Gundula hatte Farbe bekommen. Die anderen beobachteten still den Vater und die Tochter, die ihr Redetalent vorführte.

Das hat Gundula von mir, dachte Labrowitz.

Das Mädchen plapperte weiter und schien sich ihrer zuweilen gewählten Ausdrucksweise zu schämen. Darum fügte sie ständig provozierende Wörter ein, die sie wohl auf der Zunge haben musste, um in ihrer neuen Familie anerkannt zu werden. So verbreitete sie einen wenig schönen Tierheimgeruch, der dem Vater in die Nase stach. Sie tat, als merke sie es nicht, und trumpfte weiter auf.

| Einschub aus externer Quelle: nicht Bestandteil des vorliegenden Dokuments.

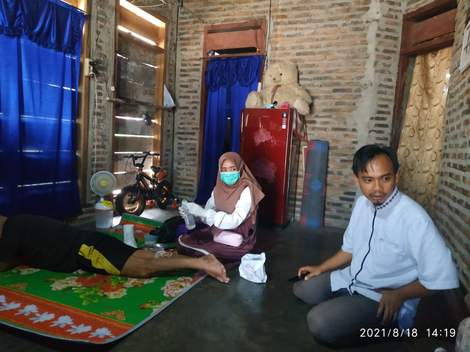 “Mbah jatuh dari masang lampu, saya diberi tau sama salah satu masyarakat. Makanya saya kesini jenguk mbah Roni liat keadaan beliau, ” Terang Khoirul Ilham SPd. (KH). Saat menjenguk mbah, Rabu (18/08/2021).

»Wir sehen uns als Neandertaler, musst du wissen, als moderne Urmenschen, aber doch Menschen zumindest, während sonst die Menschheit ausgestorben ist, zu Holz, zu Stein, zu Kotzbrocken verwandelt. Eine Eiszeit ist aufgezogen. In den Straßen eine enorme Hektik, aber alles tot. Du glaubst es nicht, guck dich nur um: Eis quillt aus jeder Ritze, Eis und Scheiße, und das bei der allgemeinen Erderwärmung. Das muss man sich einmal vorstellen. Wo bleibt da die Logik und Mutters Schulweisheit? Ihr könnt das nicht verstehen, das geht nicht in eure Köpfe rein, kann gar nicht, weil ihr unter einem Eisberg liegt, gefühlstot unter einem Eisberg von Intelligenz. Dabei ist es ganz einfach. Spezialeis ist aufgekommen, eine Mischung aus Kotze und tiefgefrorenem Stickstoff, eine besondere Art der Verhärtung der Natur. Das Eis wächst in der Wärme des Gedärms und knackt deine Logik. Du bist noch warm, aber schon tot und das Gehalt wird weiter auf dein Konto überwiesen. Das funktioniert, sogar bei fünfzig minus.«

Labrowitz stand auf. Er fühlte eine Beklemmung, fasste sich an die Brust und wandte sich ab. »Ich habe einen Beruf, und der ist nicht einfach. Ich muss arbeiten, trotz der minus fünfzig Grad. Ich überweise dir etwas und wünsche euch eine warme Höhle.«

»Wir müssen auch arbeiten!«, rief sie ihm lachend nach.